According to the present invention, by forming ultra-fine pores in the silicon substrate to increase the nucleation density of the diamond, it is possible to manufacture a diamond film for heat dissipation having excellent characteristics.

EXAMPLE

Hereinafter, preferred embodiments of the present invention will be described in more detail with reference to FIGS. 1A to 1D.

Referring to FIG. 1A, a thermal oxide film 2 having a thickness of about 200 to 500 kPa and a nitride film 3 having a thickness of about 1,000 to 1,200 kPa are formed on the silicon substrate 1.

Referring to FIG. 1B, the silicon substrate 1 on which the films are formed is heat-treated at a temperature of about 1,200 to 1,500 ° C. under an N ₂ atmosphere. At this time, a pinhole 4 is formed in the thermal oxide film 2 due to the stress between the nitride film 3 and the thermal oxide film 2.

Referring to FIG. 1C, the nitride film 3 is removed by a phosphoric acid solution, and then the thermal oxide film 2 is etched protective film, so that the silicon substrate 1 is overetched by reactive ion etching using SF ₆ gas. As a result, an ultra-fine strength hole 5 such as the size of the pinhole 4 is formed in the silicon substrate 1.

Referring to FIG. 1D, the thermal oxide film 2 is removed by the HF solution. Then, while maintaining the temperature of about 600 to 800 ℃ and the atmospheric pressure of 20 to 800 Torr, the silicon substrate 1 by the chemical vapor deposition method using the CH ₂ and H ₂ gas of about 200 to 800 SCCM at a concentration of about 1 to 5% The diamond thin film 6 is formed on the phase. At this time, the nucleation unit density of the diamond is increased due to the ultrafine pores 5, and as a result, the flattened diamond thin film 6 is formed.

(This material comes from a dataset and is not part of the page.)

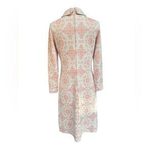 1960s Kimberly Peach Virgin Wool/Poly Blend Peach Geometric Pattern on Off White Shift Dress in excellent used condition. Measurements: bust 35.5”/waist 32”/arm length 23”/hips 36”/length 43.5”

As described above, according to the method of manufacturing a diamond thin film for thermal cabbage of the semiconductor device of the present invention by forming ultra-fine pores in the silicon substrate to increase the nucleation unit density of the diamond, it is possible to form a flattened diamond thin film, thereby The reliability of the semiconductor device can be improved.

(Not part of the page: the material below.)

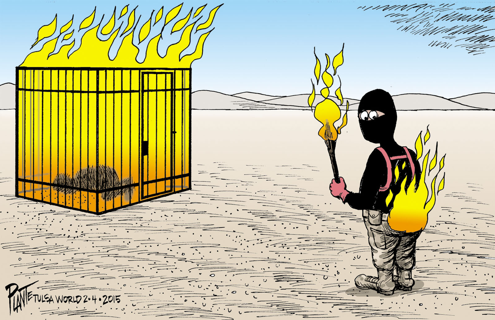 Tags/Keywords ISIS ignites reprisals, Jordanian First Lt. Moaz al-Kasasbeh, Jordanian pilot, FILE: PlantB20150205 Reprint This CartoonBuy A PrintBuy The Original REPRINT THIS CARTOON Fill out the info below and I'll be in touch ASAP Your Name (required) Your Email (required) Details, Print, Digital, Circulation, etc. Please leave this field empty. BUY A PRINT OF THIS CARTOON Fill out the info below and I'll be in touch ASAP Your Name(required) Your Email(required) Details, Number of copies, Questions. Please leave this field empty. BUY THE ORIGINAL Originals may or may not be available. Fill out the info below and I'll be in touch ASAP Your Name (required) Your Email (required) Your Message Please leave this field empty.

Meanwhile, although specific embodiments of the present invention have been described and illustrated, modifications and variations can be made by those skilled in the art. Accordingly, the following claims are to be understood as including all modifications and variations as long as they fall within the true spirit and scope of the present invention.

Claims (11)

Providing a silicon substrate on which a thermal oxide film and a nitride film having a predetermined thickness are sequentially formed; Forming a pinhole in the thermal oxide film; Removing the nitride film with a predetermined chemical solution; Forming ultra-fine pores on the silicon substrate; Removing the thermal oxide film with a predetermined chemical solution; And forming a diamond thin film on the silicon substrate having the ultra-fine pores formed therein. The method of claim 1, wherein the thermal oxide film is formed to a thickness of about 200 to 500 kPa. The method of claim 1, wherein the nitride film is formed to a thickness of about 1,000 to 1,200 Å. The method of claim 1, wherein the pinhole is formed by a stress of the thermal oxide film and the nitride film by performing a high temperature heat treatment process. The method of claim 4, wherein the heat treatment is performed at a temperature of about 1,200 to 1,500 ° C. in an N ₂ atmosphere. The method of claim 1, wherein the nitride film is removed with a phosphoric acid solution. The method of claim 1, wherein the thermal oxide film is removed by HF solution. The method of claim 1, wherein the diamond thin film is formed by chemical vapor deposition. The method according to claim 6, wherein the chemical vapor deposition uses CH ₂ and H ₂ gas at a concentration of about 1 to 5%, while maintaining a temperature of about 600 to 800 ° C. and a pressure of 20 to 800 Torr. A diamond production method for heat dissipation of a semiconductor device. The method of claim 1, wherein the forming of the ultra-fine pores is performed by reactive ion etching using SF ₆ gas using a thermal oxide layer as an etch protective layer. The method of claim 1, wherein the ultra-fine pores have a size equal to that of a pinhole.